Monday, February 24, 2014
BIRMINGHAM, Ala. (Feb. 17, 2014)—Home medical equipment (HME) providers, hospitals, physicians, hospice and home health agencies have been assaulted by unprecedented numbers of audits.
The latest numbers from recovery audit contractor (RAC) publications show that in the first quarter of fiscal year 2013, RACs collected $744.8 million in overpayments. And while all four regions were hit hard, those hit with the most charges included those from Region C, who had to pay back $244 million in the first quarter of 2013. This is only expected to grow. As reported in Decision Health Daily's recent Red Alert, CMS is paying bounties to a new private corporation for spotting and recovering Medicare overpayments. This includes adding a fifth recovery auditor contractor (RAC) that will have jurisdiction nationwide over home health and hospice. This expands on the four existing RACs, which have limited jurisdiction by state.
Recently, the Office of Medicare Hearings and Appeals, (OMHA), hosted a very informative and eye opening Medicare Appellant Forum. The purpose was to provide updates to OMHA appellants on the status of OMHA operations and relay information on a number of OMHA initiatives designed to mitigate a growing backlog in the processing of Medicare appeals at the OMHA-level of the administrative appeals process.
When a request for a hearing is made, requests are mailed to OHMA and processed manually. The average response time is 18 to 22 weeks, or almost 6 months, to acknowledge that he OMHA request for hearing was received.
There are 65 judges hearing cases, Chief Administrative Law Judge Nancy J. Griswold, reported. Judges are hearing, on average, 4.9 (FY13) cases per day. It would take 65 judges 3061 days to rule on one week's worth of cases.
• OHMA receives 15,000 cases per week.
• OMHA has 375,000 cases assigned to be heard.

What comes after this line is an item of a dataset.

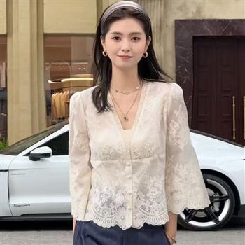 YF5420-图片色优雅时尚V领拼接提花透气七分袖设计新款蕾丝外搭上衣

• There are 480,000 cases waiting to be assigned to a judge.
• There are 220,000 cases waiting to be input in to the OMHA system, manually.
• 28 months until a case is assigned to a judge.
• 177,283 cases have been assigned through July 15, 2014.
• Once a case is assigned to a judge the average days to a decision is 329.8 days (after it gets assigned).
During the forum, a panel of judges took questions from the attendees. Many of the attendees offered the opinion that the tremendous backlog of cases is due to the massive amount of denials at the lower level of appeals and asked what could be done to provide relief.
Chief Administrative Law Judge Nancy J. Griswold expressed several times that OHMA is looking at a "holistic" approach to the challenge that OHMA faces. OHMA is seeking to digitize claims so that claims can be processed electronically, said Bruce Golden, director of information management. Mr. Golden spoke about OHMA's IT efforts to help process claims. According to Golden, a program called “ESCAPE,” should be ready to launch by 2016.